Willow is one of the most common types of trees with species of about 300 across the world and 23 in Turkey. It naturally grows in the temperate zones and some types of it in the cold sections of the Northern Hemisphere (Tunçtaner 1990-2; Küçükgöksel 2010). The most essential species found in natural tree form in Turkey are S. alba, S. fragilis, S. excelsa S. G. Gmelin, and S. amygdalina L. (Yaltırık and Efe 1994; Tunçtaner 1990-2).

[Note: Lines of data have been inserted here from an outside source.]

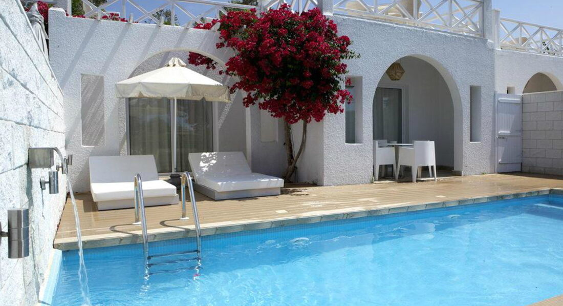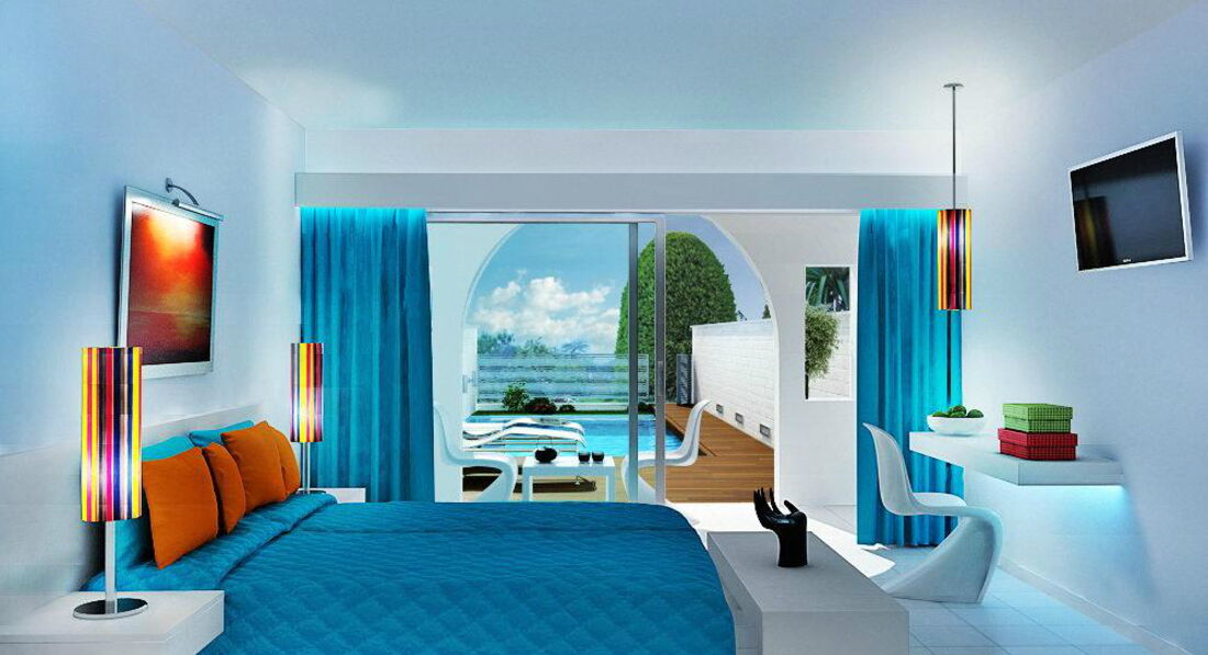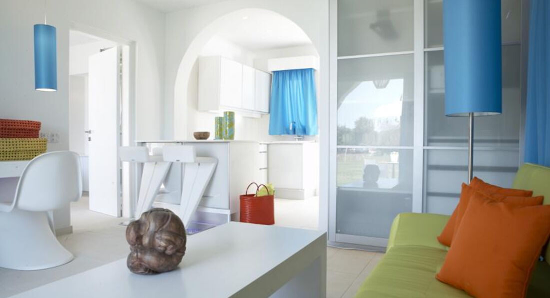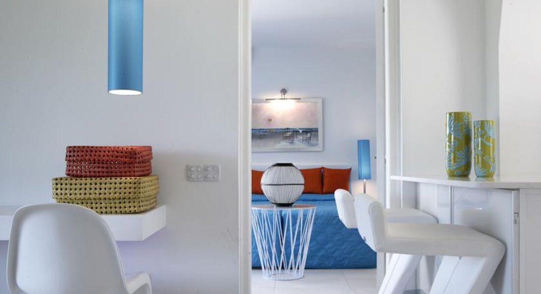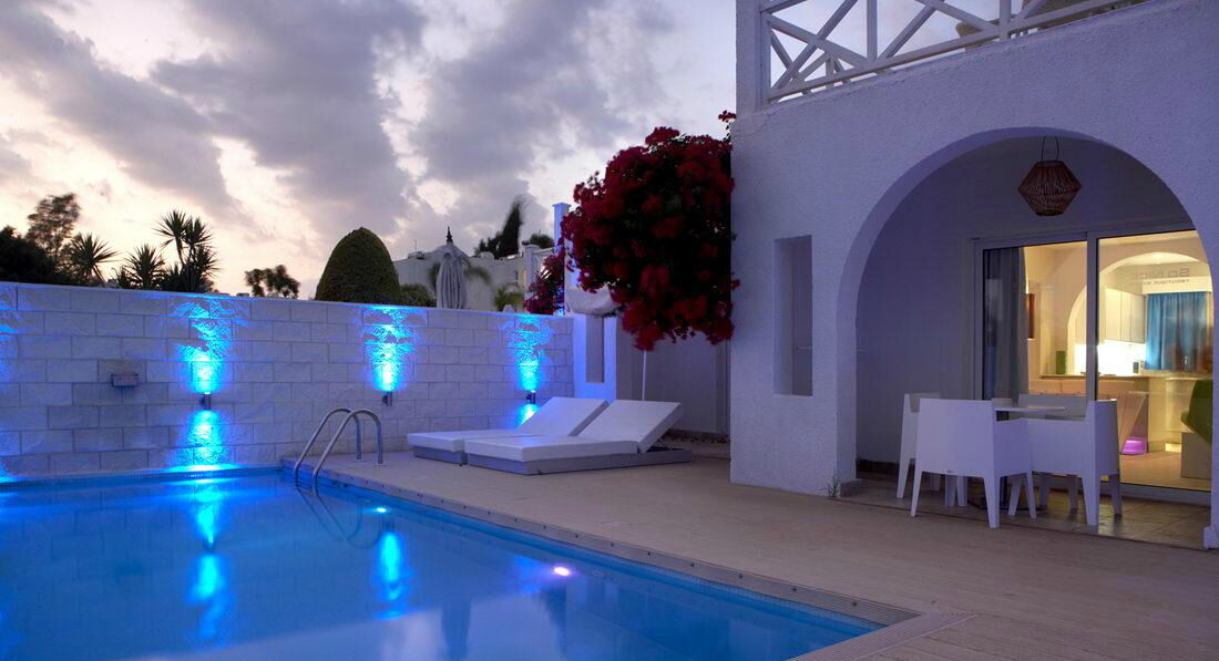 Beach Junior Suite (макс. 3 чол., 30 м2) – однокімнатний номер, приватний міні-басейн з лежаками, джакузі та тераса на даху, міні-кухня.
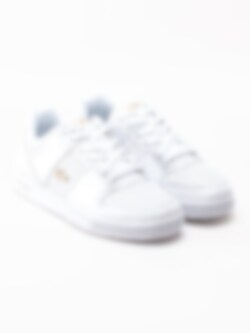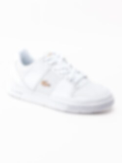 Vita tennis inspirerade sneakers Thrill från Lacoste. Ovandel i perforerat hålmönster som ger ventilation och ger en mjuk skön känsla mot foten. Plös med tryckt logga i guld. Snörparti med 4 st hål och 2 st med D ringar. Klassiska krokodilen i guld på utsidan för ett lyxigt uttryck. Tryckt logga i guld på bakkappan. Innersula i textil med tryckt logga i guld. Klassisk tennis sula med präglad logga på sidan. Fint präglat mönster och logga under yttersulan. Denna sneakers kommer fånga allas ögon med sina fina gulddetaljer.
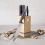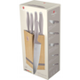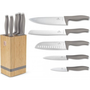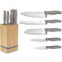 Késkészlet - szakácskés, kenyérvágó kés és santoku, nyél anyaga műanyag, penge anyaga rozsdamentes acél, késtartó a csomag része, 6 darab a készletben
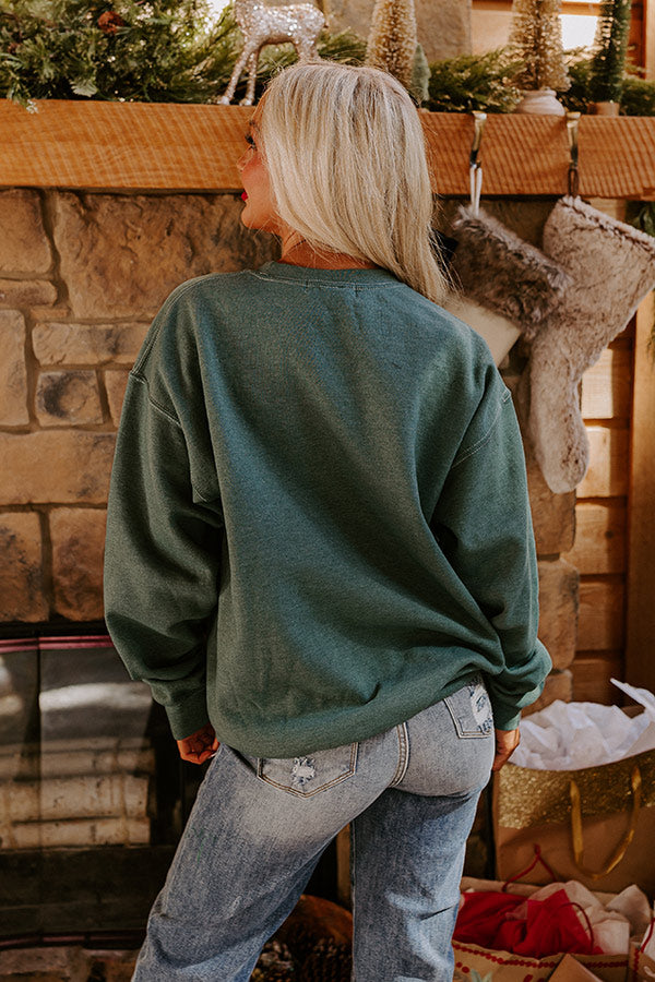 Feel the joy in our green 'Merry Graphic Sweatshirt'! Features a lightweight cotton and polyester material, patterned with a bright red and gold tracing print, a round neckline, long loose sleeves with fitted cuffs, and a relaxed silhouette that falls into a straight hemline.

It has been noted that willow species that are easily grown, and fast-growing species with short management periods can be effective in meeting the country’s wood raw material needs. The forest tree species developing in a rapid manner in order to meet the raw material demand of the pulp and paper industry and dealing with the extensive industrial plantation forestry for the increase of the wood production play a vital role (Semen et al. 2001). According to research conducted by the Poplar and Fast Growing Forest Trees Research Instutue (İzmit, Turkey), the following are the specifications of two-year-old clones of 53 willow trees grown in experimental sites in terms of their usage as industrial raw materials in the production of cellulose, energy, chemical substances, and nutrient goods; basic density values were found to be between 0.299 and 0.409 gcm^-3 with a mean of 0.344 g.cm^-3, production of dry goods that varies between 80 and 23.06 tons in a hectar of land, holocellulose amounts in a hectar of land vary in the range 0.92 to 16.90 tons and 67.11 to 79.40%, low-high calorie averages of their clones demonstrated the values of 4199 to 4266 cal.g^-1, ash amount was reported to be between 0.405 and 0.974% with a mean of 0.691% (Tunçtaner 1990-2). Additionally, they have been reported as an essential source of production for animal feed with average protein amounts of 10.85% (Tunçtaner 1990-2).

Basic density is the most important factor in determining the usability of wood in fiber production for fiberboard and paper industries (Bozkurt 1979; Kurtoğlu 1984; Tunçtaner 1990-2). The basic densities of willow clones have been reported as 0.276 gcm^-3 to 0.409 gcm^-3 in Yugoslavia and 0.360 gcm^-3 in Italy (DeBell et al. 2002; Kuzovkina and Quigley 2005; Oktaee et al. 2017). Approximately 4 million cubic meters of willow and poplar wood are produced in Turkey (Akgül and Tunçtaner 2011). Therefore, the willow clones selected for wood production are in short rotation plantings in Turkey (Cobas et al. 2013).

According to Turkish standards TS EN 1015-6 (2000) willow wood which is in the hardwood group of trees is classified as pulp wood (Kıcı 2003).

There are differences between earlywood and latewood sections in terms of fiber properties (Kırcı 2000). Morphological fiber dimensions are length, width, cell wall width, and lumen radius. Fiber dimension and relationships are assessed in terms of the felting rate, elasticity coefficient, Runkel ratio, Muhlsteph Index, rigidity coefficient, and flexibility (F-factor). Fiber dimensions and the relationships between them act as indicators providing essential preliminary information about suitability for pulp production and usability as wood raw material (Dinwoodie 1965; Bostancı 1987; İstek 2008).

In the study, suitability for pulp production has been interpreted through an analysis of results obtained from the preliminary evaluation study of fiber morphology that consists of the earlywood and latewood fiber dimensions and the fiber dimension relationships of Salix excelsa 64/12 and 84/28 clones that grow in the experimental sites of the Poplar and Fast-Growing Forest Trees Research Institute of Turkey.

EXPERIMENTAL

Material

Clones 64/12 and 84/28 came from plantation areas (Izmit and Çarşamba-Ordu, of Turkey) of The Poplar and Fast Growing Forest Trees Research Institute. The specimens of 3-year-old 84/28 and 64/12 clones had average diameters of 5.8 cm and 5.2 cm, respectively, and were 60 cm in length. The average diameters of the 84/28 and 64/12 willow clone discs are shown with bark and without bark in Fig. 1.

Fig. 1. The average diameters of the 84/28 and 64/12 willow clones

Properties of 64/12 and 84/28 willow clones are illustrated in Table 1.

Table 1. The Properties of 64/12 and 84/28 Willow Clones (Tunçtaner 1990-2)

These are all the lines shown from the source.